Jorge Luis Borges, The Circular Ruins

Despite the unbridled enthusiasm for them exhibited by Robert Schumann, Brahms never wrote another piano sonata after the age of twenty, confining his large output for the solo keyboard to individual pieces of disparate lengths, from aphoristic waltzes to fully developed variation essays, but always without movements. He did, however, return to the sublime andante espressivo from the Third Sonata often, performing it as a stand-alone piece throughout his long career as a recitalist. This jewel sounds very much like one of his exceptional valedictories, written over forty years later and begs the question of whether the late opera look back lovingly to this kernel of mature truth or are rather engendered by it. The entire child is father to the man argument is especially significant in the career of this pianistic genius who used his soundboard as a sounding board for such profound ideas and methods of expression. The abounding energy of the freshly discovered young messiah with the handsome romantic visage is as different from the thoughtful reflections of the bearded paterfamilias of 19th century Germanic music as are their early portraits and late photographs, and yet the harmonic thought of the Brahms of the 1850’s is essentially the same as that of the 1890’s, rather amazing considering the changes going on all around him. The inclusion of a set of the last of the piano pieces with two of the fledgling sonatas emphasizes the poetic continuum of this master composer, what Wilhelm Furtwaengler called his “inner necessity”. Declaimed in the eloquent voice of Krystian Zimerman, these are indeed all verses from the same lyric ode.

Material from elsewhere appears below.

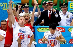 每年7月14日就会在美国Coney Island 举办吃热狗大赛。最新的记录是10分钟内吃掉68个热狗。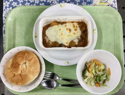今日は、パインパン、ムサカ、フレンチサラダ、牛乳です。

Reinforcing the cyclical nature of his inspired program, Zimerman began with the later pieces, performing them as if they constituted the opening scene of a bildungsroman, introducing a cinematic flashback to the impetuosities of youth. His chosen style for this entr’acte was unflinchingly declarative, noble and stately. As befits a recollection, there was little or no rubato in evidence, rather this remarkable craftsman dazzled with a metronomically heroic steadiness, a Wordsworthian synthesis of emotion after the distillation of memory is complete. Only in the dies irae of the final intermezzo did the tragic figure rail against the universe, Lear on the heath.

This sensitive bard employed his prodigious technique for an entirely distinct view of passion in the early sonatas. Here the declamations were more heart on sleeve, the actor in this one-man show stepping into the character of the leonine young composer. The attraction of the sonatas is their ferocity and eternal vigor (one still marvels at the memory of the octogenarian Rubinstein performing the f minor) and Mr. Zimerman certainly captured their energy like lightning in a bottle. His reading of that andante espressivo was especially telling: here was the incipient valedictory sound but presented as champing at the bit. Which is the father and which the son?